Data extract: Begin
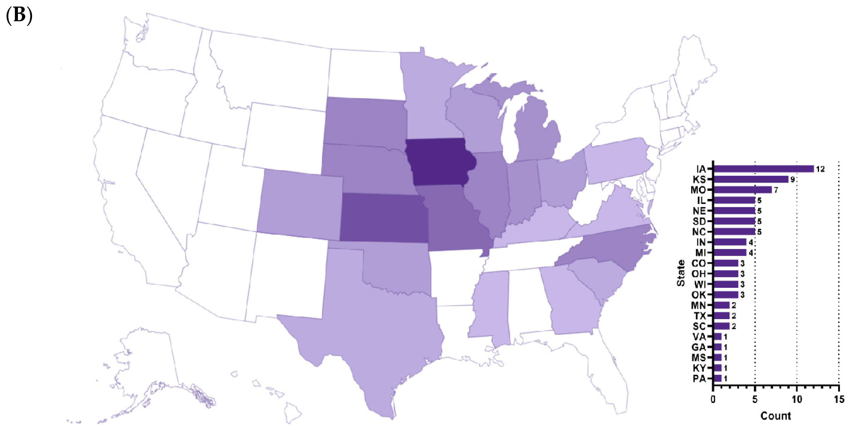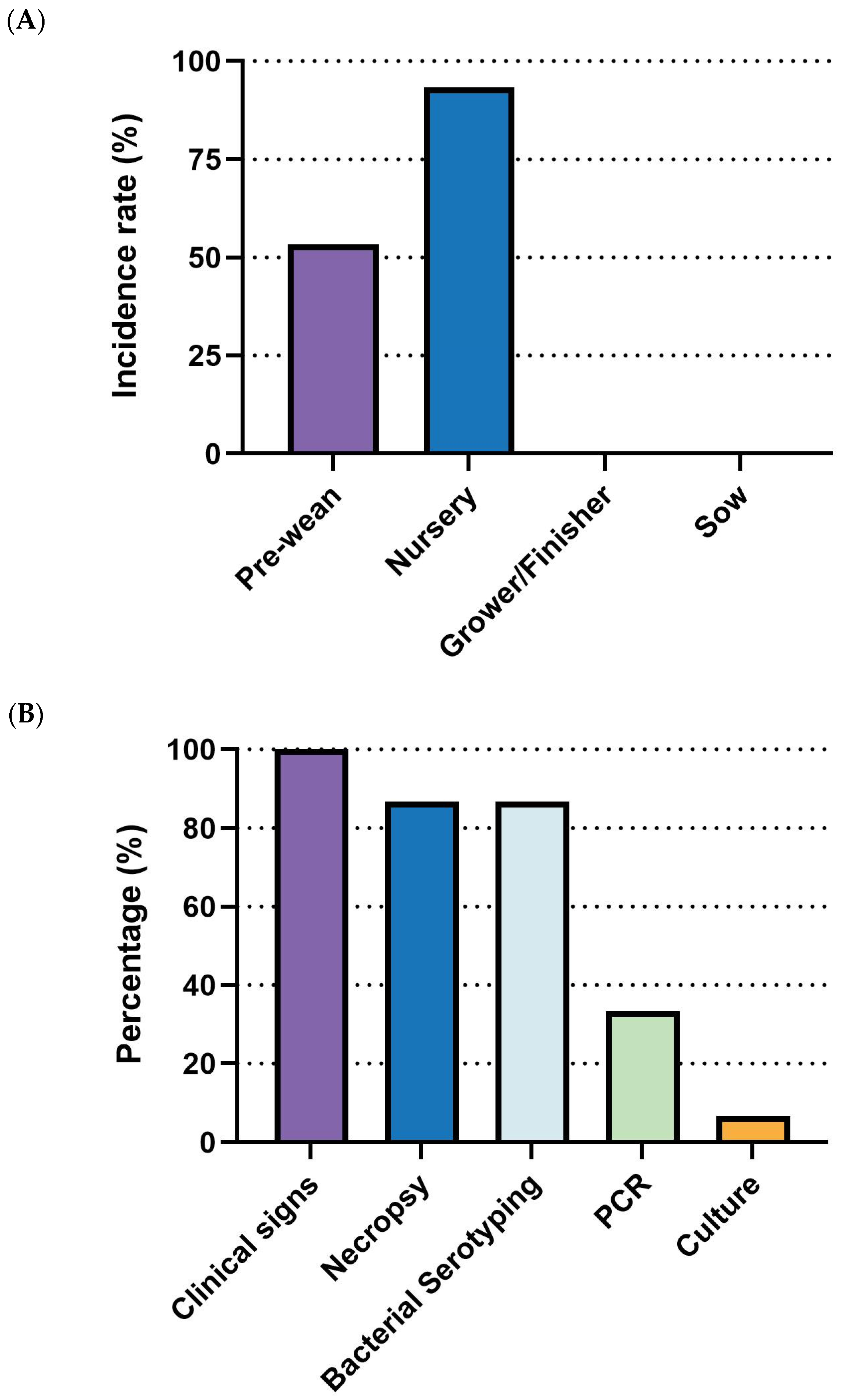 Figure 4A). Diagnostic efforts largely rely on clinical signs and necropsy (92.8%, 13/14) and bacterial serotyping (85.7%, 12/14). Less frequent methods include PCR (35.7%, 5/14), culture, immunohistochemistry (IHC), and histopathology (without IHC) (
Data extract: End
Data extract: Begin
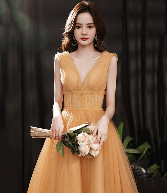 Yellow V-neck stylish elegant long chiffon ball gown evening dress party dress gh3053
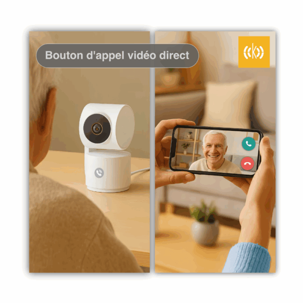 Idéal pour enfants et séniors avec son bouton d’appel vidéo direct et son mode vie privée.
Data extract: End
Prompt >> All lines above from the one containing "Yellow V-neck stylish" up to and including the one containing "Idéal pour enfants" are to be set down exactly, and nothing else. Leave images out.

Solution to the problem >>
 Yellow V-neck stylish elegant long chiffon ball gown evening dress party dress gh3053
 Idéal pour enfants et séniors avec son bouton d’appel vidéo direct et son mode vie privée.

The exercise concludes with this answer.